Being a photographer means you are always on the go - your office is essentially wherever your work brings you. Our photographers use the tag #mygettyoffice on Instagram to show us where in the world they are. Photojournalist Allison Joyce relocated from New York to Bangladesh in 2013.

My office is a think tank shape shifter backpack. At all times when working in South Asia it contains two Canon cameras, a 24mm and 50mm, Macbook Air, LaCie rugged hard drive, 98% Deet mosquito repellant, notebook and pen, portable battery pack, audio recorder, dry sack, roll-up poncho, head torch, ‘shammy’ cloth, Clif bars and spare C.F. cards and battery.

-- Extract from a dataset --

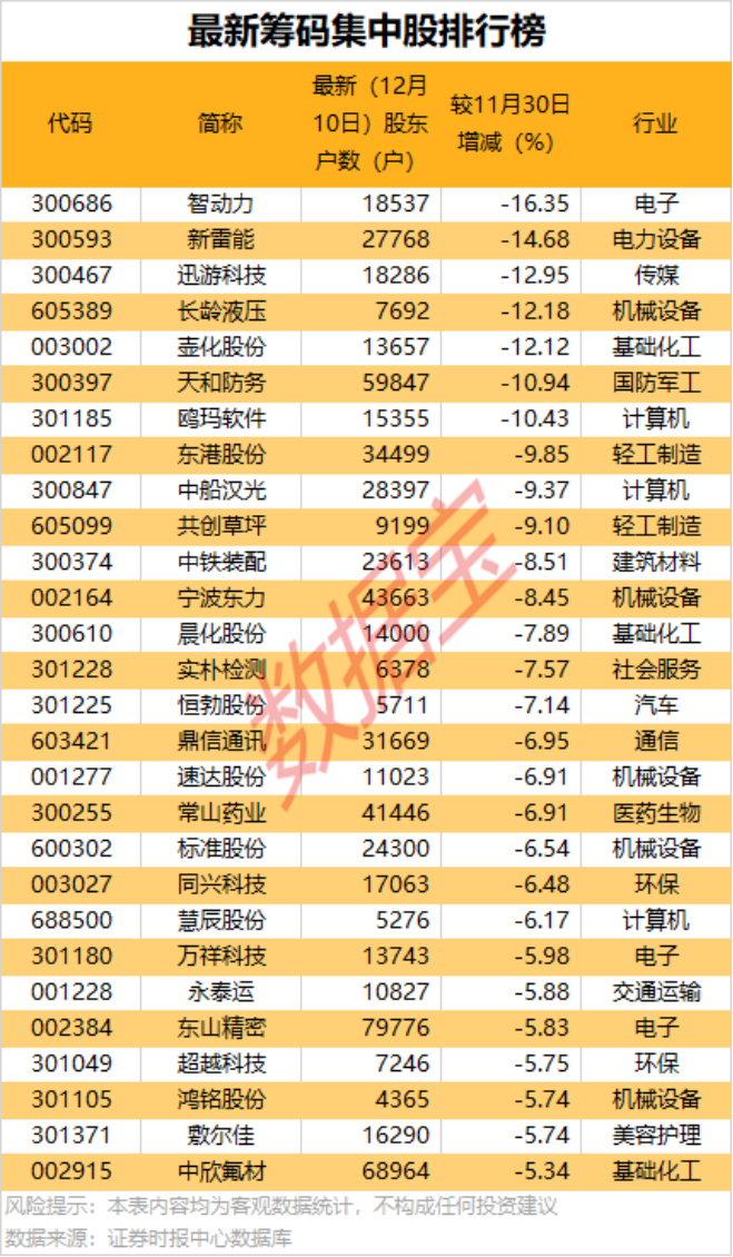 股东户数降幅最多的是智动力,截至12月10日最新股东户数为18537户,较11月30日下降16.35%;其次是新雷能,最新股东户数为27768户,较11月30日下降14.68%,股东户数降幅居前的还有迅游科技、长岭液压、壶化股份等。

I also carry some spare American change to give as fun souvenirs to the children and people I meet while working.

When I break it down to the basics, this is really all I need day to day working in my home base of Bangladesh. My work here often involves 8 hour cramped and jarring buses, precarious rickshaws, and dusty motorbike rides. It helps to keep things light and portable, but you must be ready for any situation. There are frequent power outages here, and during monsoon it's necessary to be prepared for constant rain.

Since working for Getty Images, my office has been everything from tragedy to festivals, from the red carpet in New York City, a rural Bangladeshi circus, riots in Brooklyn, a refugee camp in India, the presidential campaign trail in South Carolina, to a Sufi Festival in Bangladesh.

In 2013 I moved to Bangladesh from New York City and it has been such an exciting, challenging adventure working here, trying to learn the language and culture. There's no better way to get to know a city or country than by working as a photojournalist.

I've ridden on the top of a truck during Durga Puja in Old Dhaka, held a three day old newborn in a freezing refugee camp in India, was pulled into a room full of giggling and belly dancing women during a wedding in the rural Bangladesh. I never know where an assignment will take me.